Background: Testosterone, a primary androgen in males, is converted into its most active form, dihydrotestosterone (DHT), by $5{\alpha}$-reductase type 2 (encoded by the SRD5A2 gene) in the prostate. DHT is necessary for prostatic growth and has five times higher binding affinity than testosterone for androgen receptors. We hypothesized that polymorphic variations in the SRD5A2 gene may affect the risk of benign prostatic hyperplasia and prostate cancer. Materials and Methods: We analyzed SRD5A2 gene polymorphisms in 217 BPH patients, 192 PCa cases, and 171 controls. Genotyping was undertaken using direct DNA sequencing. Genotype data were compared between cases and controls using a Chi square statistical tool. Results: We found that the A49T locus was monomorphic with 'AA' genotype in all subjects.
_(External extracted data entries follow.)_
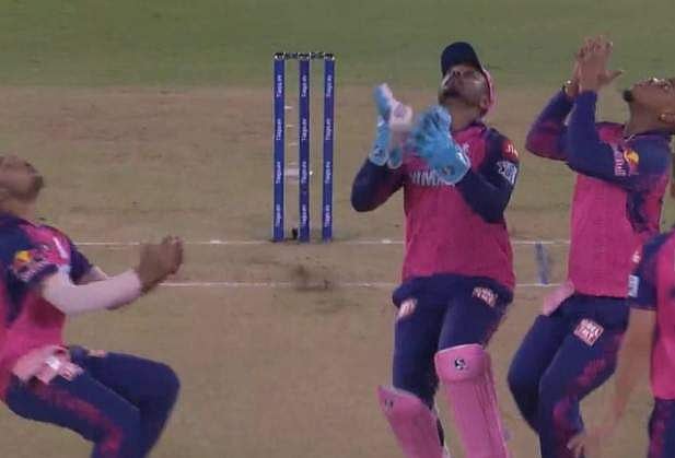 ടോസ് നഷ്ടപ്പെട്ട് ഗുജറാത്ത് ബാറ്റിങിന് ഇറങ്ങുകയായിരുന്നു. ഇന്നിങ്സിന്റെ മൂന്നാം പന്തിലാണ് ഈ ക്യാച്ച് പിറന്നത്. ഓപ്പണര് വൃദ്ധിമാന് സാഹ ട്രെന്റ് ബോള്ട്ടിന്റെ പേസില് ബാറ്റ് വച്ചപ്പോള് പന്ത് നേരെ കുത്തനെ പൊങ്ങി. ക്രീസിന്റെ മധ്യത്തിലേക്ക് ഈ പന്ത് കൈക്കലാക്കാനായി ഓടിയെത്തിയത് ക്യാപ്റ്റന് സഞ്ജു സാംസണ്, ഷിമ്രോണ് ഹെറ്റ്മെയര്, ധ്രുവ് ജുറേല്.
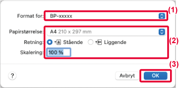 angitt under "Papirstørrelse" på skjermbildet for utskriftsformat, brukes til
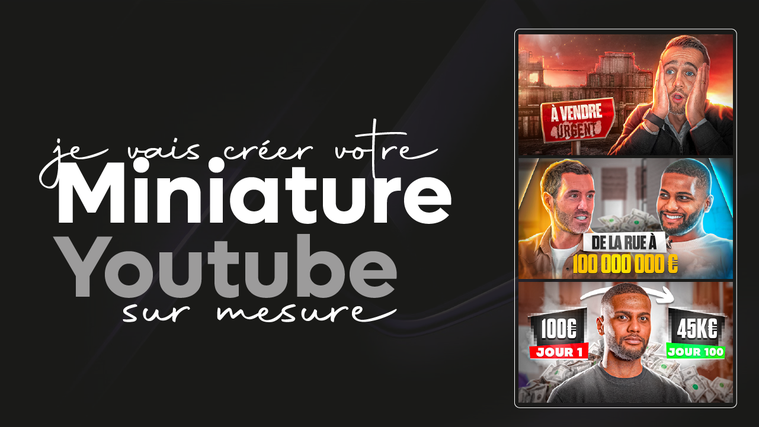** Miniature Ultra : Envoyez moi simplement votre vidéo finalisée ou votre script et je m'occupe de tout. Je reviendrais vers vous avec une ébauche du concept de la miniature. Une fois l'ébauche validée, on finalise tout ça !**
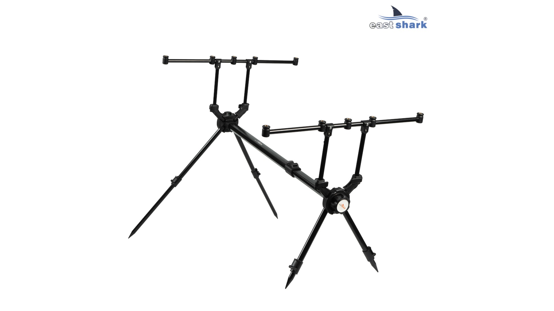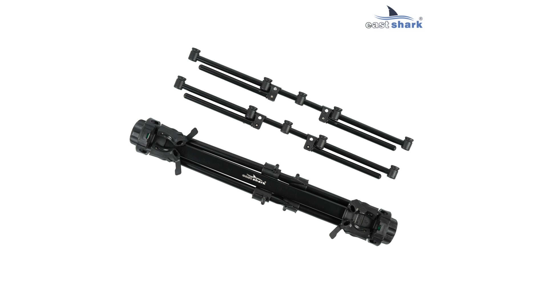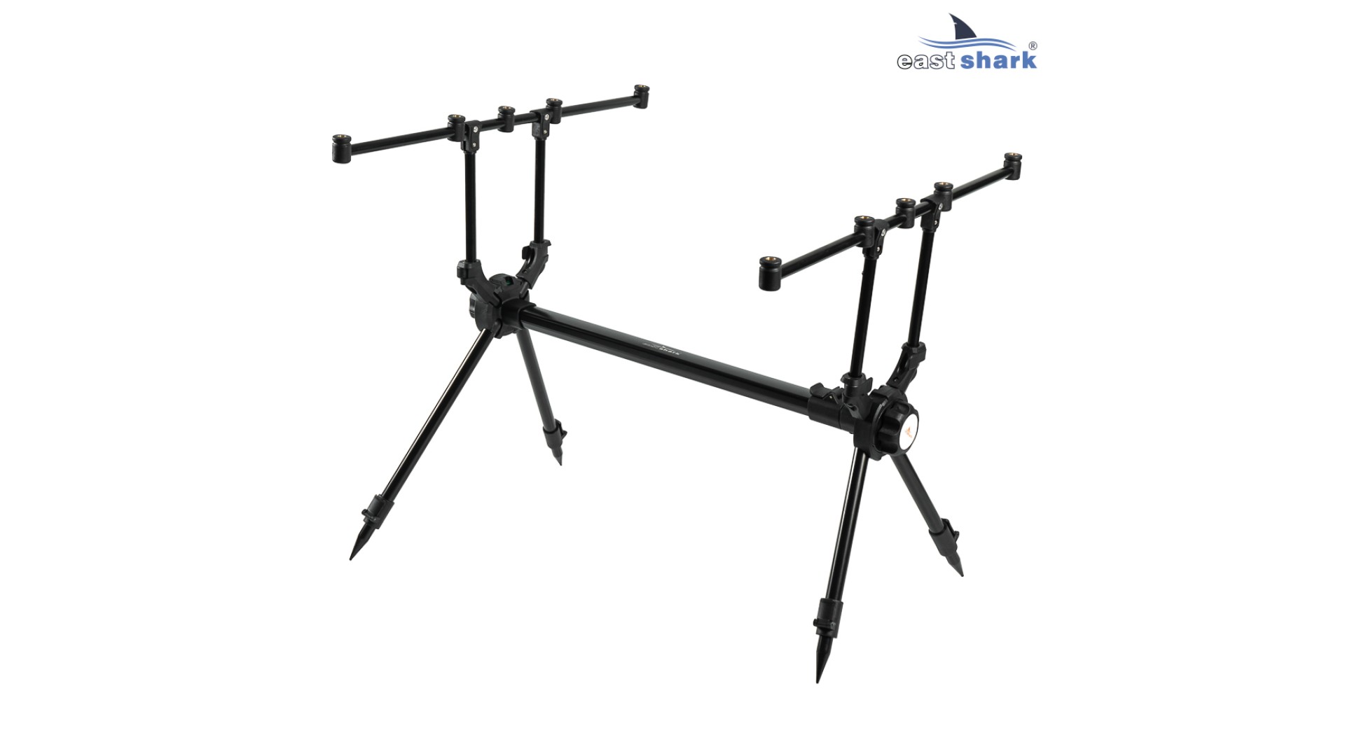 Имеет телескопические ножки с регулировкой длины и угла наклона, что позволяет наклонять/задирать удилища относительно горизонта, а так же, устанавливать на неровной поверхности.
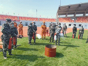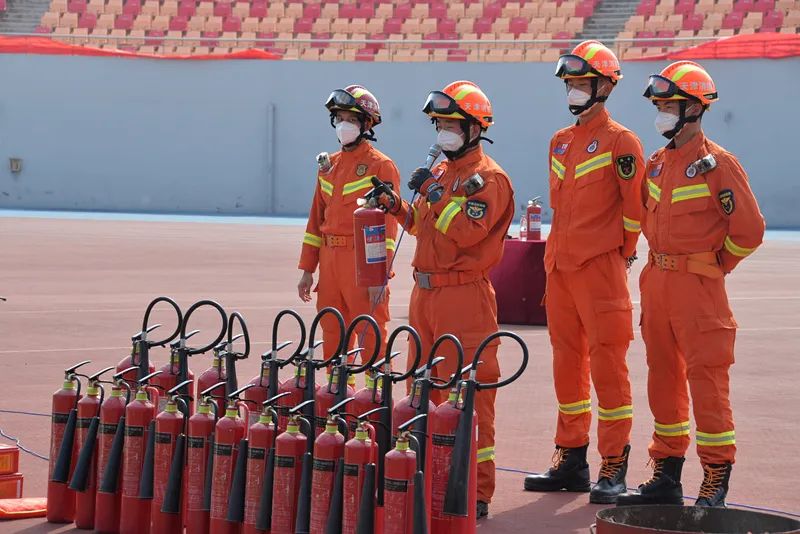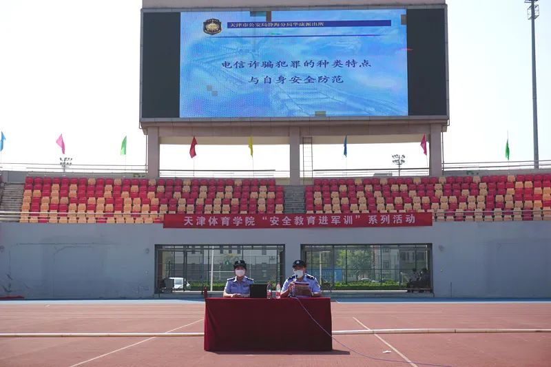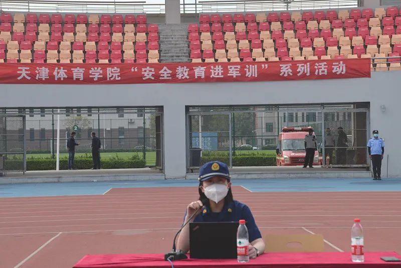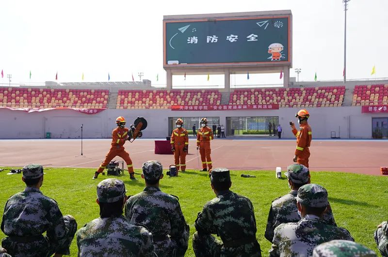 在田径场,静海区消防救援支队宣传教员为同学们讲解火灾危害、用火用电安全、灭火技能、火场逃生等消防安全知识,展示了消防车辆、特种消防器材,演示了灭火器、灭火毯、消防水枪、自救式呼吸器等消防设备的使用方法。团泊西中队指战员指导大学生现场使用灭火器、消防水枪等消防设备。华康派出所民警开展防电信诈骗讲座。

At V89L locus, the presence of 'VV' showed a marginally significant correlation with increased BPH risk (p=0.047). At the $(TA)_n$ locus, longer TA repeats were found to be protective against BPH (p=0.003). However, neither of these polymoprhisms correlated with the risk of PCa. Conclusions: We conclude that A49T is monomorphic in the study population, VV marginally correlates with BPH risk, and longer $(TA)_n$ repeats are protective against BPH. None of these polymorphisms affect the risk of PCa.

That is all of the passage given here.